Table 16.1 Characteristic findings in iron deficiency and chronic disease

Test	Iron deficiency	Chronic disease
MCV	Microcytic	Normocytic
Iron	Low	Often low
Transferrin or total iron binding capacity (TIBC)	Normal or high	Low
Iron: TIBC ratio	Low (<15%)	Normal
Ferritin	Low is diagnostic	Normal or high

HOW TO … Investigate iron deficiency anaemia

The main dilemma is deciding how far to take investigations.

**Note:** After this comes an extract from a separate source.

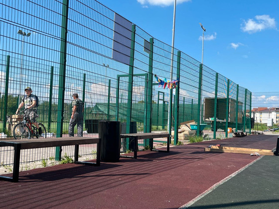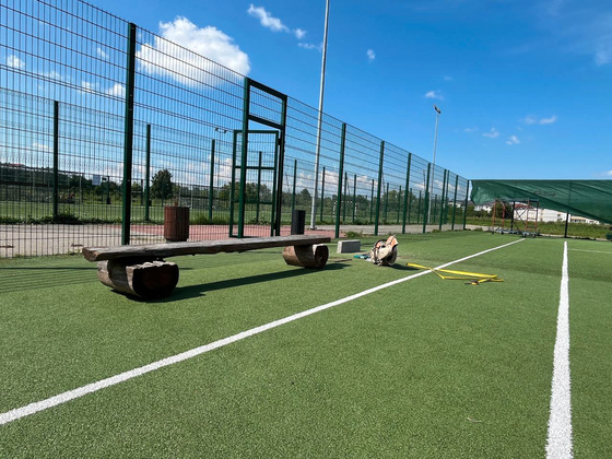 Уже заменено металлическое ограждение по периметру, установлен ветрозащитный фон, обновлены основание для сетки и сама сетка, нанесена свежая разметка, поставлены новые лавочки для переодевания и современные урны.

A fit patient, who would be a candidate for surgery, should have a minimum of OGD and colon imaging (see

‘HOW TO … Image the older colon’, p.373). These should proceed regardless of the degree of anaemia and whether there are symptoms. The finding of oesophagitis or an upper gastrointestinal ulcer should not stop a screening test for the colon to rule out a coexisting neoplasm. If these tests are negative, screen for coeliac disease (eg endomysial antibody) and haematuria. Small bowel barium studies or capsule endoscopy are sometimes helpful. If there is intermittent overt gastrointestinal blood loss mesenteric angiograms can demonstrate small angiodysplastic lesions if there is active haemorrhage.

At the other extreme a frail, bed-bound nursing home patient with dementia will probably merit empirical iron and PPI therapy without further investigations.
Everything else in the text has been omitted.